I was still barely sleeping and stress and money worries (holy moly 2 infants in daycare!) were still hanging out.
We said, NO MORE KIDS UNTIL THE GIRLS ARE 5!
There was no way we could afford another in daycare and still protect our financial future.
And then..
I saw her..
(We were not able to share this picture before we met her)
I wasn’t expecting it. It hit me like a ton of bricks. I’ll never forget where I was or what I was doing. But I heard Him plain as day. “She’s the one.”
“The one what God? The one I’m to pray for? The one I’m to advocate for? The one? What does THE ONE mean??” I knew my questions were futile. I knew exactly what He meant before he answered. “She is your daughter,” He whispered to me.
Without thinking, I fired off an email to find out more.
I emailed 2 friends her picture. They were confused. Honestly, I was confused.

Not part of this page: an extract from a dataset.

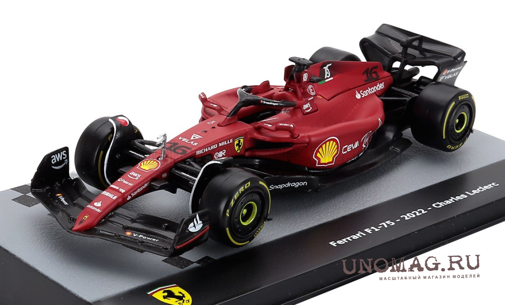 FERRARI F1-75 Scuderia Ferrari №16 Season (2022) Charles Leclerc - Con Vetrina - With Showcase, Red Black

I said, “But God, I have 2 babies! Special needs! This is too much! The time! The money! – I have to tell him!”
And then I wanted to passout.. oh my goodness.. I was going to have to tell him.

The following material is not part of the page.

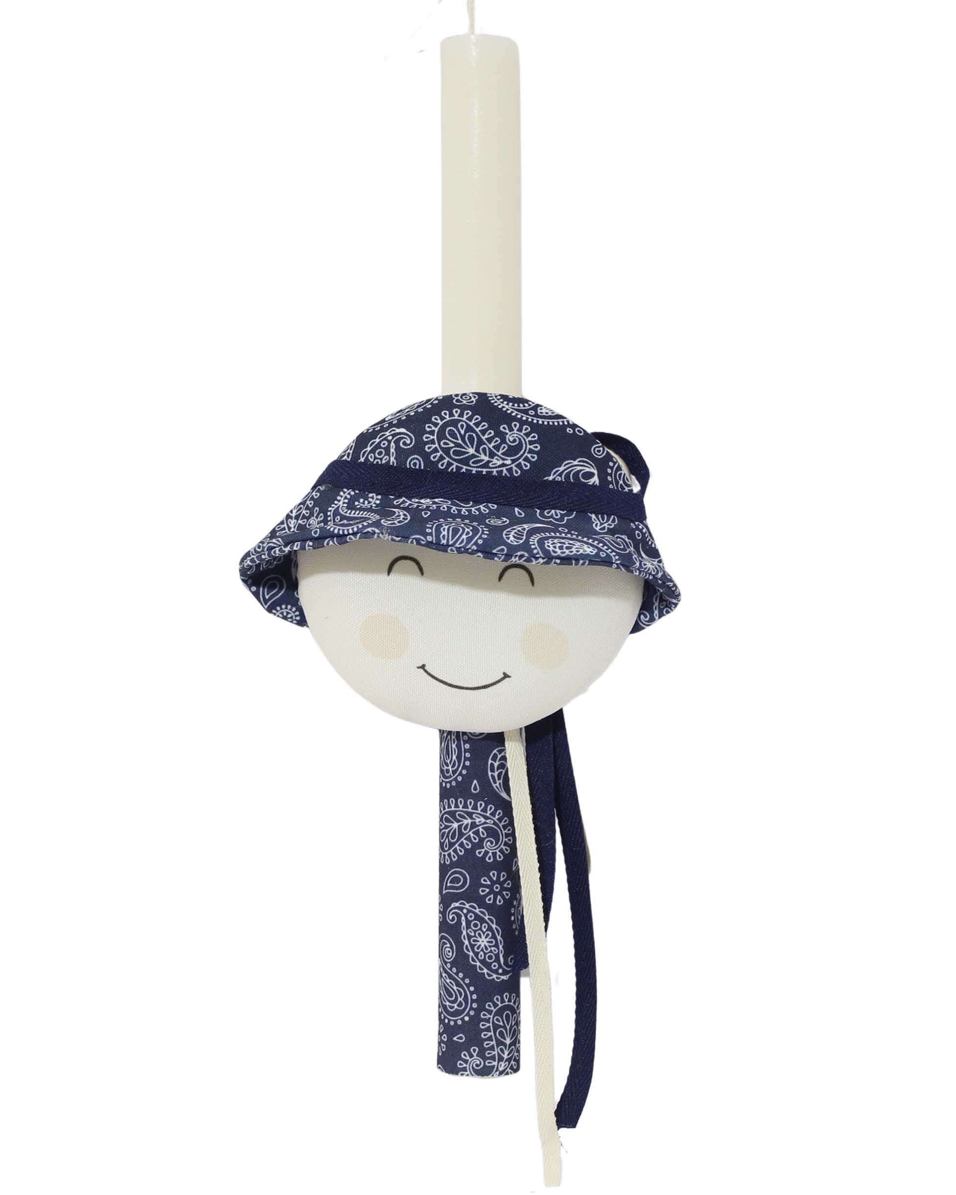 Πασχαλινή λαμπάδα με χειροποίητo υφασμάτινο αγοράκι με καπέλο

The next day, I emailed him her picture. I didn’t have the guts to tell him in person. I simply said, “Can I have her?” He didn’t answer so I clarfied, “I’m serious. I want her.” (That’s the actual words from my G-Chat transcript). He’s heard crazy things from me before, but this might be the winner.
I got another picture.
We talked through it for a couple days. I tried to forget her. She was all I could think about. I spent hours researching everything I could – about her, about adoption, about Reece’s Rainbow. The thought of having to live without her overtook me. Within a month we jumped in head first. They estimated the process would take 12-18 months and $35,000. I couldn’t imagine the thought of either. The estimated budget is now over $50,000 and while it’s a large sum of money for sure, it now represents LIFE. Her LIFE. I will pay anything to show her that she is precious, she is ours, she is valuable, she is LOVED.
This sweet girl will never go without a mommy and daddy again.